Mohit Sharma

Personal information
- Full name: Mohit Mahipal Sharma
- Born: 18 September 1988 (age 37) Ballabhgarh, Haryana, India
- Nickname: Aashu
- Batting: Right-handed
- Bowling: Right arm fast-medium
- Role: Bowler

International information
- National side: India (2013–2015);
- ODI debut (cap 199): 1 August 2013 v Zimbabwe
- Last ODI: 25 October 2015 v South Africa
- ODI shirt no.: 6
- T20I debut (cap 47): 30 March 2014 v Australia
- Last T20I: 5 October 2015 v South Africa
- T20I shirt no.: 6

Domestic team information
- 2011–2025: Haryana
- 2013–2015: Chennai Super Kings (squad no. 18)
- 2016–2018: Kings XI Punjab (squad no. 18)
- 2019: Chennai Super Kings
- 2020: Delhi Capitals
- 2023–2024: Gujarat Titans
- 2025: Delhi Capitals

Career statistics
| Competition | ODI | T20I |
| Matches | 26 | 8 |
| Runs scored | 31 | 3 |
| Batting average | 7.75 | – |
| 100s/50s | 0/0 | 0/0 |
| Top score | 11 | 3* |
| Balls bowled | 1,121 | 138 |
| Wickets | 31 | 6 |
| Bowling average | 32.90 | 30.83 |
| 5 wickets in innings | 0 | 0 |
| 10 wickets in match | 0 | 0 |
| Best bowling | 4/22 | 2/28 |
| Catches/stumpings | 6/– | 1/– |

Medal record
Men's Cricket
Representing India
ICC T20 World Cup
| Runner-up | 2014 Bangladesh |  |
- Source: ESPNcricinfo, 3 April 2020

= Mohit Sharma =

Indian cricketer (born 1988)

Mohit Mahipal Sharma (born 18 September 1988) is a former Indian international cricketer.
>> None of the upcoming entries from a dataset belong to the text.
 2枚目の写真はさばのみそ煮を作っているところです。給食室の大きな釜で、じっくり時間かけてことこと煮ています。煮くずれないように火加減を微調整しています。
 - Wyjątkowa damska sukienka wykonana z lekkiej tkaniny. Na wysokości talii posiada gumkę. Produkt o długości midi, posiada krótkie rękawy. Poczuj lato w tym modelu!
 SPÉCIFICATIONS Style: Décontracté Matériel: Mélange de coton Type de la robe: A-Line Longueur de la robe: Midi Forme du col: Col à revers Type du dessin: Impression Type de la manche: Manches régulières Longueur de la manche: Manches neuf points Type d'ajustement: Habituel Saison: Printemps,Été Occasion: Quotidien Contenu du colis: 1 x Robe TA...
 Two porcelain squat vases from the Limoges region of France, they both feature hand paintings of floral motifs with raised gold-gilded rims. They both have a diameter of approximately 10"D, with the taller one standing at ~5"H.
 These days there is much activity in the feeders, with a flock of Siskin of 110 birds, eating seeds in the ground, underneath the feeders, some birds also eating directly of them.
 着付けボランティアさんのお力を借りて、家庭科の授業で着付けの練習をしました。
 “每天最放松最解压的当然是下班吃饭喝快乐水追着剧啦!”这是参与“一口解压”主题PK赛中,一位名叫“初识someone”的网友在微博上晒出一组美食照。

He played for Haryana in domestic cricket and appeared in the Indian Premier League (IPL) for Chennai Super Kings, Kings XI Punjab, Gujarat Titans and Delhi Capitals. He was a right-arm medium fast bowler.
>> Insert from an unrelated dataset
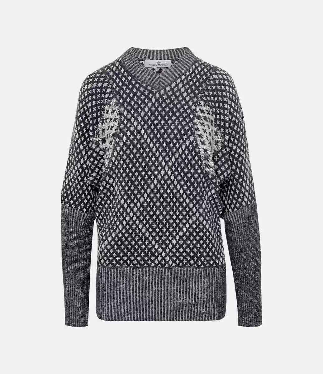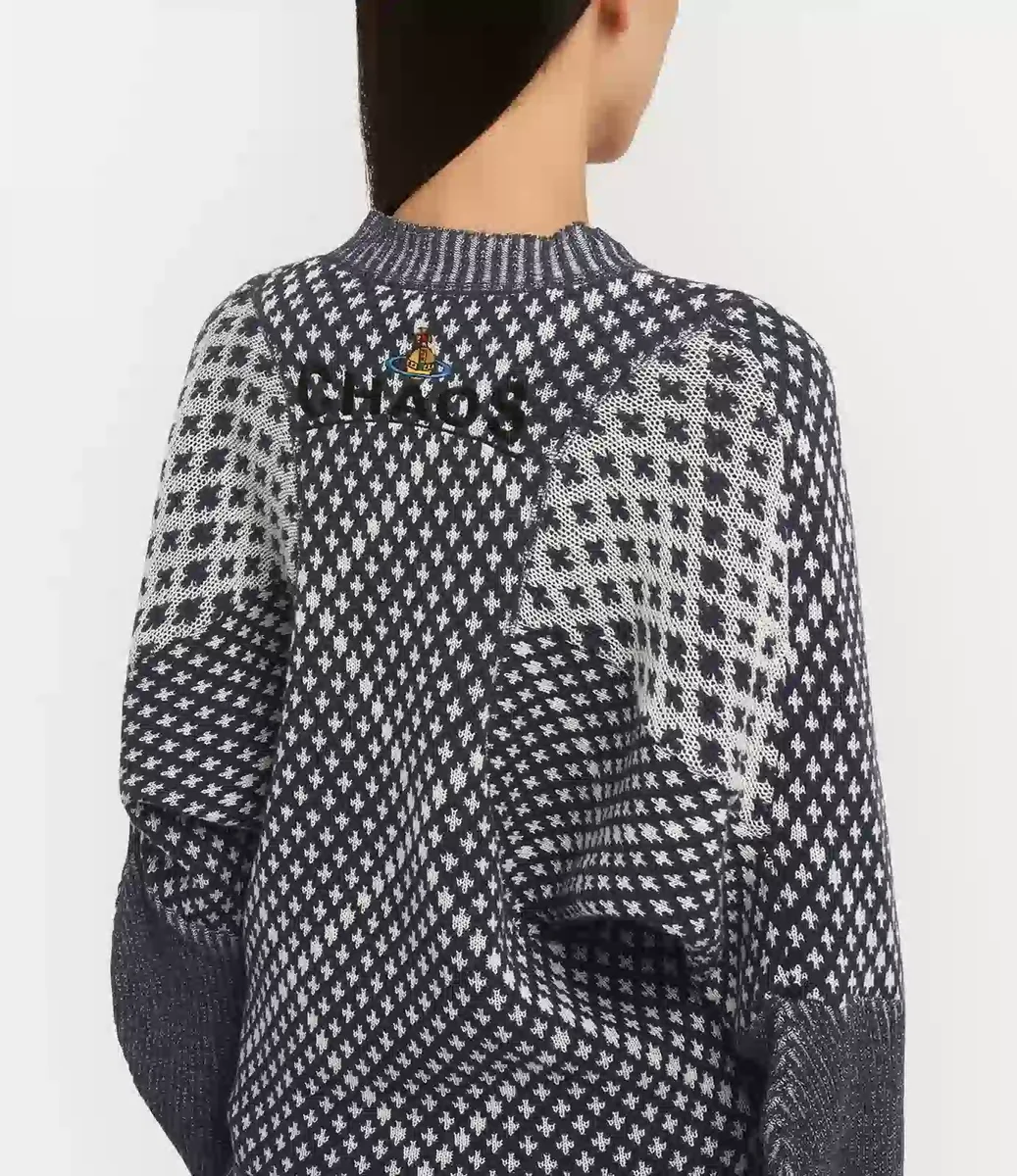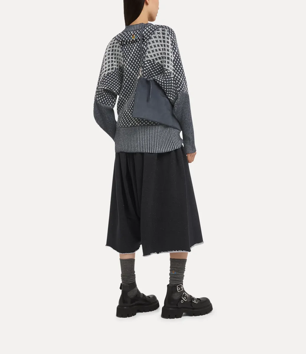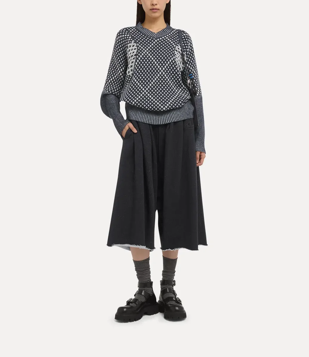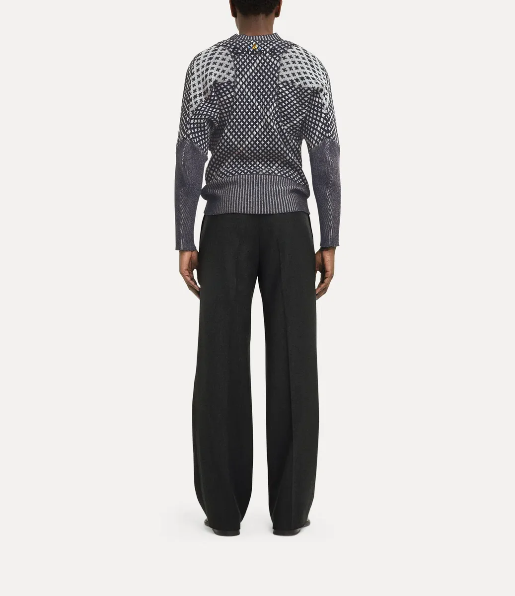 Sweter Pourpoint, wykonany z miękkiej mieszanki bawełny i wełny, ma archiwalny wzór żakardowy „Crosses Argyle” pokryty motywem „Distressed Tartan”. Ma prążkowany dekolt w szpic i długie rękawy z wstawkami, a wykończony jest prążkowanymi ściągaczami i haftowanym emblematem „Chaos Orb” z tyłu.

Mohit Sharma announced his retirement from all forms of cricket on 3 December 2025.

==Domestic and IPL career==
Following his work with pace bowling coach Ian Pont, Sharma picked up 37 wickets in 7 games at an average of 23 in the 2012–13 Ranji Trophy. He was then contracted by the IPL franchise Chennai Super Kings for the 2013 season. He played 15 matches in 2013 Indian Premier League and took 23 wickets.
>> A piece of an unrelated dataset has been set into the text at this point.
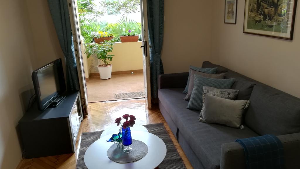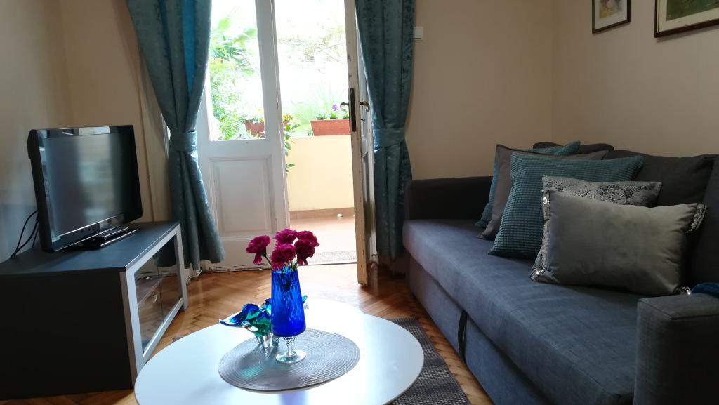 Charmant appartement in een oude villa in het centrum van Opatija. Het appartement ligt op 300 meter van de zee en het strand. Het is zeer ruim, met een oppervlakte van 58 vierkante meter. Het beschikt over een overdekt balkon met uitzicht op zee, en aan de andere kant van het huis is er een uitgang naar de tuin waar u ook kunt zitten en die is voorzien van een tafel en stoelen. Het appartement is een van de weinige in het centrum van Opatija met gratis privéparkeergelegenheid. De markt van Opatija ligt op 400 meter afstand en de Spar-supermarkt op 150 meter van het appartement. Het appartement biedt plaats aan maximaal 5 personen. De slaapkamer heeft een groot tweepersoonsbed en een eenpersoonsbed. Er is een slaapbank in de woonkamer. De keuken is ruim en volledig uitgerust.
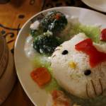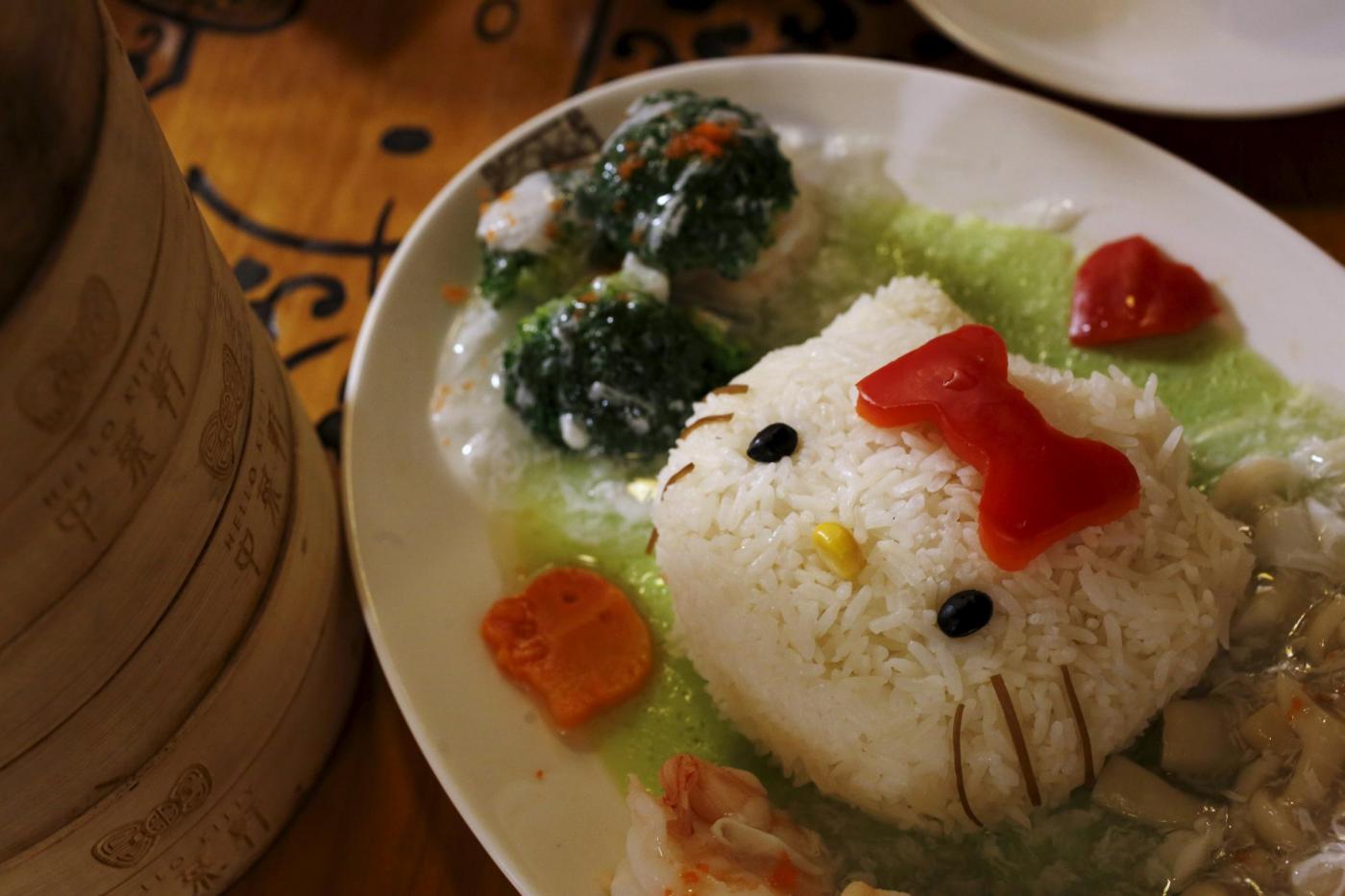 A decorated dish of rice with spinach sauce and egg white is seen at a Hello Kitty-themed Chinese restaurant in Hong Kong, China May 21, 2015. The world's first Chinese-style restaurant dedicated to the Japanese cartoon has been packed out daily despite not officially opening until June 1, 2015. The eatery features some 37 dishes such as dim sum and fried rice, often served in the shape of the girl-cat. Picture taken May 21, 2015. REUTERS/Bobby Yip

In December 2018, he was bought by the Chennai Super Kings in the player auction for the 2019 Indian Premier League for 5 crores. He was released by the Chennai Super Kings ahead of the 2020 IPL auction. In the 2020 IPL auction, he was bought by the Delhi Capitals ahead of the 2020 Indian Premier League.

On 26 March 2022, Mohit was roped in by the new franchise Gujarat Titans as a net bowler for the IPL 2022 season.

In the 2023 IPL Auction, he was bought by the Gujarat Titans, and made a major comeback, taking 27 wickets, tied for the second-highest in the season.

In 2024 IPL, Sharma broke the record of worst bowling spell in IPL history by conceding 73 runs in a game against Delhi Capitals; the unwanted distinction was previously held by Basil Thampi, for his 70-run spell. Sharma finished with 4-0-73-0 in that game.

==International career==
Sharma made his international debut for India in 4th ODI against Zimbabwe during India's tour of Zimbabwe. Sharma bowled an economical spell (2/26 in 10 overs) and took his first wicket in his fourth over dismissing Zimbabwe opening batsman Sikandar Raza. Sharma became the second Indian after Sandeep Patil to be adjudged man of the match on ODI debut.